Au moins 42 personnes sont mortes lundi au large de Djibouti, a indiqué l’Organisation internationale pour les migrations (Oim).
 

 

Un bateau exploité par des passeurs, transportant une soixantaine de migrants fuyant le conflit au Yémen, a chaviré en se rendant à Djibouti dans les premières heures du 12 avril. « On ne sait pas ce qui a fait chavirer le navire », a précisé l’Oim dans un communiqué publié le jour de la tragédie. 

Chaque année, des dizaines de milliers de jeunes migrants africains de la Corne de l’Afrique entreprennent de dangereux voyages depuis des pays comme la Somalie et l’Éthiopie, en passant par Djibouti et le Yémen, en quête de travail dans le Golfe.
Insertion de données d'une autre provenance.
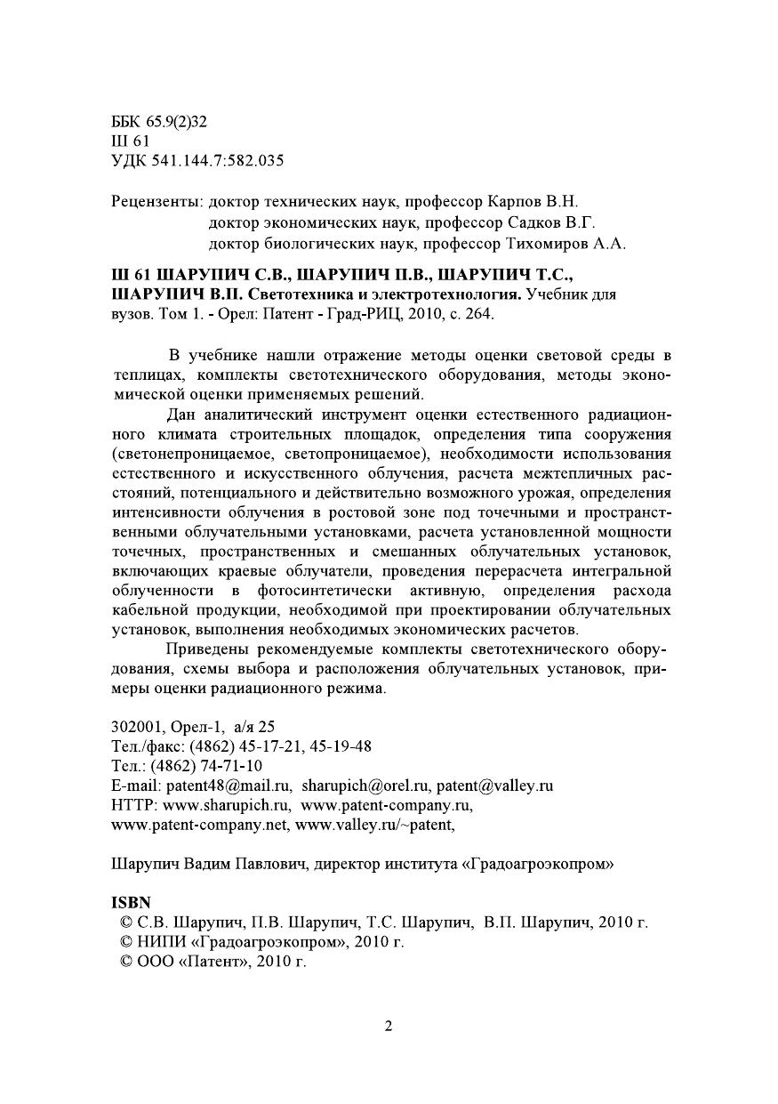 В учебнике нашли отражение методы оценки световой среды в теплицах, комплекты светотехнического оборудования, методы экономической оценки применяемых решений.

La Covid-19 a contraint de nombreuses personnes à faire demi-tour en raison de la fermeture généralisée des frontières qui a réduit l’accès aux États du Golfe. Des voyages similaires entre le Yémen et Djibouti sont entrepris à bord de navires inadaptés, par des migrants désespérés de rentrer chez eux, presque quotidiennement.

Malgré les dangers, le nombre de migrants arrivant à Djibouti continue d’augmenter. En mars, plus de 2.343 migrants sont arrivés du Yémen, contre 1.900 en février. La plupart essayaient de rentrer chez eux en Ethiopie et en Somalie. Le mois dernier, lors d’un incident similaire cette fois en route vers le Yémen, des passeurs ont jeté 80 personnes par-dessus bord après s’être plaints que le bateau était surpeuplé et coulait. Au moins 20 se sont noyés, selon les survivants.
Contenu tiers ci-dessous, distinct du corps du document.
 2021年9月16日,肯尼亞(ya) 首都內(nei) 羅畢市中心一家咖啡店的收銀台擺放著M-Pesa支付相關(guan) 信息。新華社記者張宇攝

« L’Oim travaille avec les autorités djiboutiennes, la communauté humanitaire et les donateurs pour mettre fin à ces souffrances et sauver des vies », a déclaré Stephanie David, Cheffe de mission de l’Oim à Djibouti.
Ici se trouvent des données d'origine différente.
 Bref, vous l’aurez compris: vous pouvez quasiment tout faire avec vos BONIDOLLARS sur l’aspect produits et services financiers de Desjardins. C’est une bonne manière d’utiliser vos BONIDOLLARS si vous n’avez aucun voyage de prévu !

Pendant ce temps, des dizaines de milliers de migrants de la Corne de l’Afrique sont piégés au Yémen. Beaucoup vivent dans des conditions déplorables, généralement sans accès à la nourriture, au logement, aux soins médicaux et à la sécurité. 

Les migrants sont contraints de payer aux passeurs de grosses sommes d’argent pour qu’ils leur facilitent leur voyage de retour chez eux. Les Missions de l’Oim à Djibouti et au Yémen fournissent de la nourriture, de l’eau, des soins médicaux et des conseils aux survivants de ces tragédies et à d’autres migrants.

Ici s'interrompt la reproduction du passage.